P.S. I would have expected devices to be "reserved" once mounted, to prevent this kind of thing? Or is that not possible on Linux?

EDIT: Firstly I am convinced that KDE within the hypervisor) is the culprit. It looks like KDE is mounting the devices it can on logging to create desktop icons. The same thing is however not happening on other Xen servers, but all the other servers are running a much older version of SLES and KDE ... V4 appears to be the offending one, with 3.4 behaving better).

Furthermore two non-critical VMs have become hung. After shutting them down they would not boot up again due to file system corruption. The main/production VM is still running and the database on it still working, but clearly this is a time bomb. The customer is attempting to re-build the environment on another VM on another server but is stuck on issues configuring some of the components, so we are waiting...

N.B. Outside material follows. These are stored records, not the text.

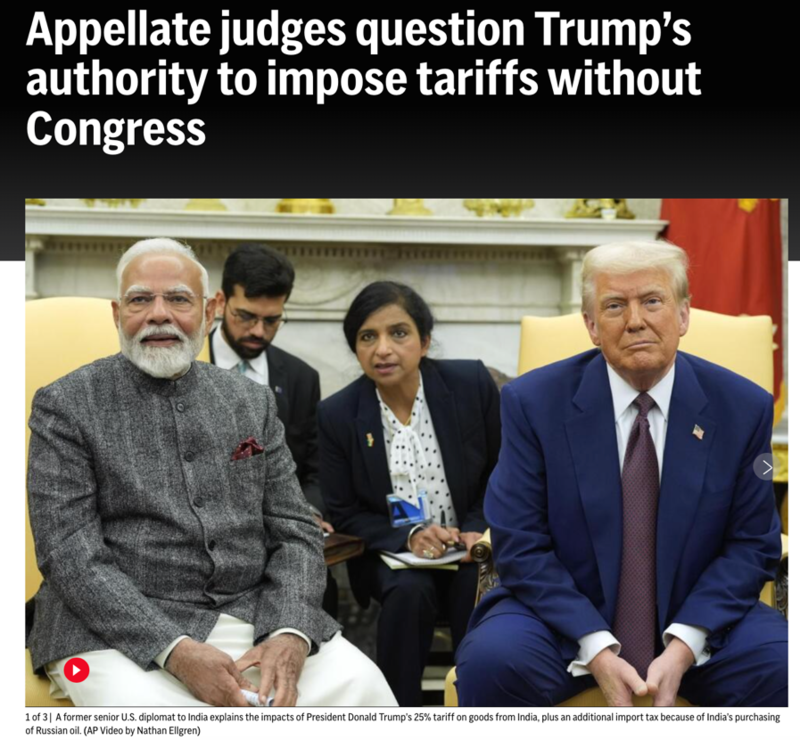 △美联社报道,美国联邦上诉法院法官对特朗普未经国会批准而征收关税的权力表示质疑。
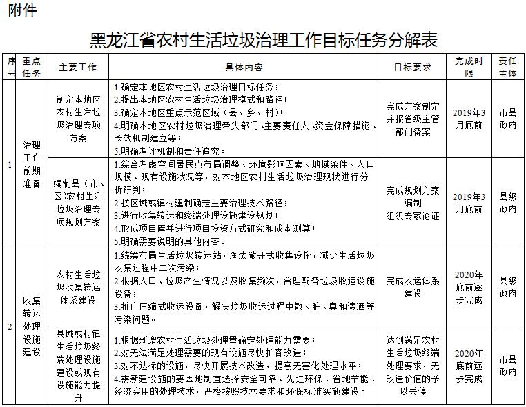 日前,黑龍江省發(fā)布了《黑龍江省農(nóng)村生活垃圾治理專項實施方案(2018—2020年)》《黑龍江省農(nóng)村室內(nèi)戶廁改造及室外公共廁所建設(shè)專項實施方案(2018—2020年))》和《黑龍江省農(nóng)村室外衛(wèi)生戶廁改造三年行動專項實施方案(2018—2020年)》,詳情如下:黑龍江省人民政府辦公廳關(guān)于印發(fā)黑龍江省農(nóng)村...
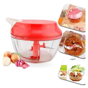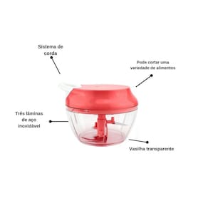 Mini processador manual com lâminas afiadas em aço inox, acionamento por corda retrátil e base antiderrapante. Ideal para fatiar verduras, legumes, frutas, ervas e grãos.Acessórios
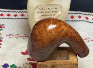 Next, Mark Hoover’s ‘Before & After’ Restoration Balm is worked into the briar. The Balm does a great job bringing out the natural hues of the briar. After the Balm has been applied thoroughly, the stummel is put aside for about 10 minutes for the Balm to do it thing.

In any case I feel that none of the answers have so far been more than "best practice is always shut down gracefully" And I hope to get something more concrete... In any case, I feel that this situation may warrant some more careful thinking. Will shutting down cause outstanding IO, in particular file system meta data updates from the hypervisor, to be synced and cause potentially major file system corruption?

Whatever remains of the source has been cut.